Suara ketukan pintu, membuat kami semua menoleh ke sumber suara. Pak Tama pun memersilakan orang di depan sana untuk masuk. OB yang tadi mengobrol dengan Pak Tama menenteng dua kantung plastik dan meletakkannya di atas meja setelah dipersilakan oleh Pak Tama.
Aku memandang Mbak Aina yang juga memandangku sambil tersenyum.
“Pak, diambil dua buat Bapak sama Mbak Tuti.” Kata Pak Tama pada OB yang ingin pergi dari ruangan.
OB yang diperintahkan seperti itu pun, langsung mengambil dua kotak teratas dalam plastik dan mengatakan terima kasih setelah itu keluar dari ruangan.
“Kita jeda sebentar buat makan siang, nanti kita lanjutin lagi.” Ujar Pak Tama yang menutup laptopnya begitu saja.
Saka yang pertama mengambil kotak makan tersebut, kemudian di susul yang lain.
“Saya bawa bekal, Pak.” Kataku pada Pak Tama yang sedang sibuk dengan ponselnya.
“Kalau kamu merasa bisa makan dua porsi silakan ambil, kalau nggak silakan kasih yang lain.

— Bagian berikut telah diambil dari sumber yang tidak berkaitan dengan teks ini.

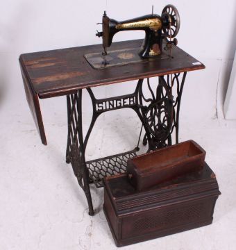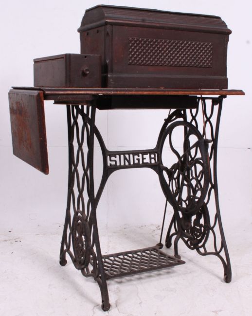A 19th century Victorian Singer sewing machine table having cast iron base with machine above. 74 H x 104 W x 41.5 D

Resepsionis atau satpam, terserah.” Ujarnya tanpa mengalihkan pandangan dari ponselnya.
Aku pun mengambil satu kotak di antara dua kotak yang tersisa, “tapi, makasih, Pak.” Ujarku.
“Ya.” Jawabnya sangat singkat.
Kami semua keluar dari ruangan dan meninggalkan Pak Tama sendirian. Ia terlihat sangat fokus pada ponselnya dan tidak peduli kalau saat ini semua pegawai yang tadi ada di ruangan keluar untuk makan.

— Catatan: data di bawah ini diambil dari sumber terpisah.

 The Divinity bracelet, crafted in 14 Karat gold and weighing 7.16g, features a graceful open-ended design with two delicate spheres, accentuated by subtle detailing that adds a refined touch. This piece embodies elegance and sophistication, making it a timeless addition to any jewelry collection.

“Tumben si Bos peduli.” Kata Saka yang sudah duduk di kursinya yang tak jauh dari mejaku.
“Pantesan tadi ngobrol sama Pak Ujang. Ternyata minta tolong beliin makan siang. Biasanya mana ada, kan? Lanjut aja itu meeting sampai ada yang bilang kalau jam makan siang udah lewat.” Mbak Aina pun melirik kanan-kiri terlebih dahulu sebelum berbicara, takut kalau si Bos ada di dekat kami dan dapat mendengar percakapan ini.
“Iya, tumben banget. Tapi baguslah jadi pada nggak kelaperan jadinya. Soalnya udah bisa dipastikan, kalau meeting-nya bakalan makan waktu yang lama.” Kata Kevin.
“Mungkin kita dikasih makan biar nanti bisa fokus sampai sore. Jadi semacam dikasih amunisi sebelum perang dan biar bisa lembur yang jelas kalau meeting seharian kurang.” Saka menyuap makan siang yang dibelikan si Bos dari Rumah Makan Padang Sederhana.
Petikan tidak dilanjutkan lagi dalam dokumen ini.